The Mollisan Town quartet sounds like a set of books worth a look, even if arguably flawed in their universe's logic. Still, there aren't too many other hard-boiled detective yarns set in a world inhabited entirely by plushies. They're written by Swedish author Tim Davys, published in English by HarperCollins, available in Kindle and hardback editions, with some rather well-designed cover artwork to boot.

On the iOS gaming front, two that seem noteworthy: Ghost Trick, which'll be familiar to DS folk - the first two chapters are free, with the rest available in one (quite cheap) bundle, or three slightly higher priced packages; and New Orbit, a sort of Asteroids/physics puzzler set in a horror storyline.

And from a couple days ago, with somewhat better light, here's a local grey sqrl, about to enthusiastically launch into a nutritious nugget. ^_^

Hee! Thanks. ^_^ There was something of a moment there, I think - certainly, far from a perfect image, but given I was resting on a farm gate, hoping I could keep the camera steady for 1/6th (the lens' stabilisation gave out a few months ago, for no particular reason; not very impressive, but less of an issue than the cessation of its autofocus around the same time, so any kind of action shots with the nephews become rather more of a challenge. I doubt it'd be worth repairing; at the long end, the Nikkor 300mm f/4's a world better anyway, and used, something like the Nikkor 18-55 or 18-105 seem really quite decent, and affordable, for about as much as I suspect any kind of repair would cost), I'm okay with it. ^_^ There's something fun about the artificial hues, overlaid on the serene natural tones of the field. Which is, admittedly, a spot I've yet to explore - I've seen a fair bit of the locality, but that field and pathway I just haven't got around to yet.

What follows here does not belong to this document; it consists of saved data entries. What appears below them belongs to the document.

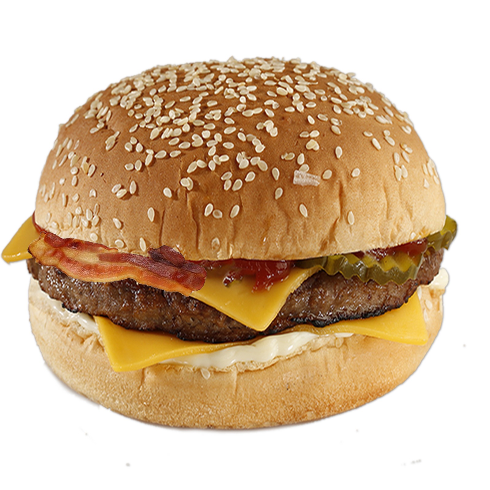 Deliciosa hamburguesa de carne top class 1/4 lb con deliciosas tiras de tocino con base de pan blanco, mayonesa, catsup, cebolla picada, queso amarillo y pepinillos
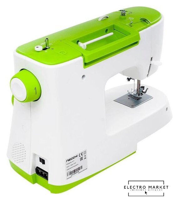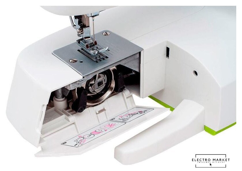 электромеханическая, вертикальный качающийся челнок, полуавтоматическое выполнение петли, швейные операции: имитация оверлочной строчки/потайная строчка/трикотажная строчка/декоративная строчка
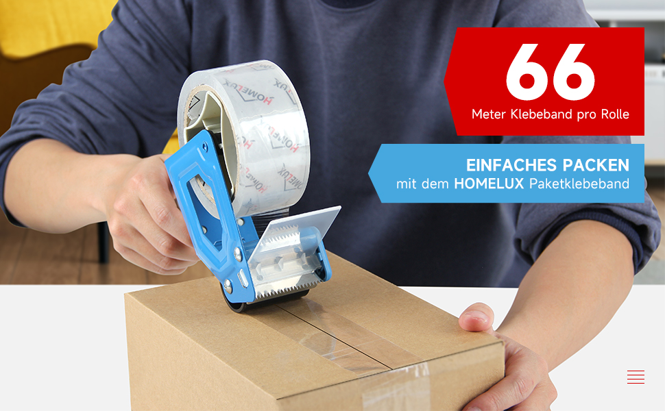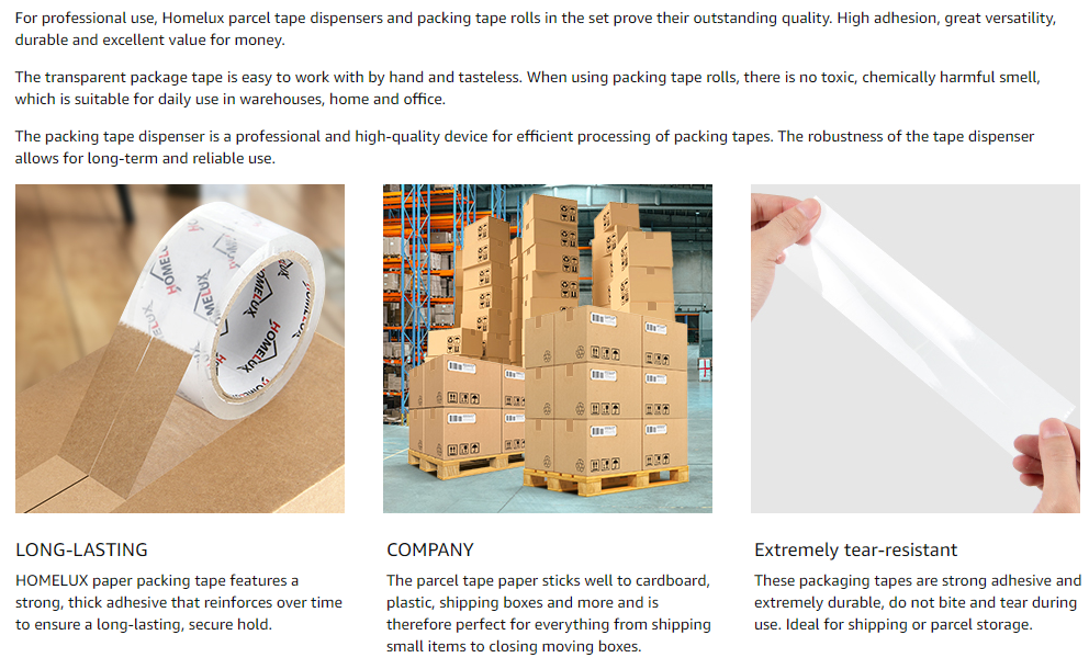 excellent durability and adhesion. With Homelux package tape, safe, simple and strong packaging is possible. They work well in a variety of conditions, whether moving, transporting or storing. Ideal for warehouse, home or office.

Actually, on the lapine front, I did spot one bun on Friday afternoon, down the eastern side of the hill - but, stupidly, I disregarded the prime directive of wildlife photography: always be prepared. ^_^; I'd been aiming for a bit further downhill, in some open fields, which seemed like possible candidates for bun photography, and where I'd seen one previously, though briefly. So, there I was, sauntering down the hillside, and noticed something. I stopped, looked around, couldn't see anything.. look around further, and spotted a fuzzy grey bun, looking most unsure about the situation, only perhaps 15' away from me.

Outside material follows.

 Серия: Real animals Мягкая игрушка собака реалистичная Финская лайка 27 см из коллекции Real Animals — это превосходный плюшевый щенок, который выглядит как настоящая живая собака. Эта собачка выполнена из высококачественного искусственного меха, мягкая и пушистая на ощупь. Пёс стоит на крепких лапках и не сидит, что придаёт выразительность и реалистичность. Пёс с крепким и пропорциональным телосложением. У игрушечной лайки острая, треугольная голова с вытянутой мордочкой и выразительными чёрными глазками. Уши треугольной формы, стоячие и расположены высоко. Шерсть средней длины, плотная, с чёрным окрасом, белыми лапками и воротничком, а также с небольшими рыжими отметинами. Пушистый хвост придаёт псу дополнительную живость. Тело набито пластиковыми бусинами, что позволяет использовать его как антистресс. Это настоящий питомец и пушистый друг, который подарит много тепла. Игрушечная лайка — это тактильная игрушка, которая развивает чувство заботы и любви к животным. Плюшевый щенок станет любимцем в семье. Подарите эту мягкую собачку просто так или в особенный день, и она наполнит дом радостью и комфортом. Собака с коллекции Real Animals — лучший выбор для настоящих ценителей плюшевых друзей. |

I could've tried getting a shot with the Tamron already attached, but I suspect even that activity, just getting the camera out of the bag, lens cap off, would've been enough cause for them to seek a quieter spot. By the time I got the Nikkor on, they'd made good their escape. Still, given buns don't tend to maintain broad territories, perhaps it'll be worthwhile revisiting. Definitely a pity, as the light and distance might've made for quite a nice shot - I'd have been so pleased to finally get a good daylight bunpic here!

(Still, the nice shot or two from the previous locale last weekend helped a good deal. ^_^ The two I saw were only in evidence as I arrived, not returning before I left, but just to know they're still around gave me some reassurance. Small lives, perhaps, but enthusiastic and vivid ones)
If I went to one of those stock-photo sites and saw that squirrel pic, I would have thought "staged".  It's just too perfect!
*giggle* I was amazed I could find a clear slot through all the tiny branches, and not scare them off in the process of (to me) quietly angling around, but they seemed more interested in the munchable than me, which I have no problem with. ^_^

A little closer, and unfortunately, they did decide to scoot - but, I'm thankful they let me so close, and I hope I didn't disturb their repast overly.

There's such wonder to behold in the natural world. It's that that I hope to convey, once I finally open the store this Spring - not just rabbits, but rabbits living their lives, as confusing and amazing as they are.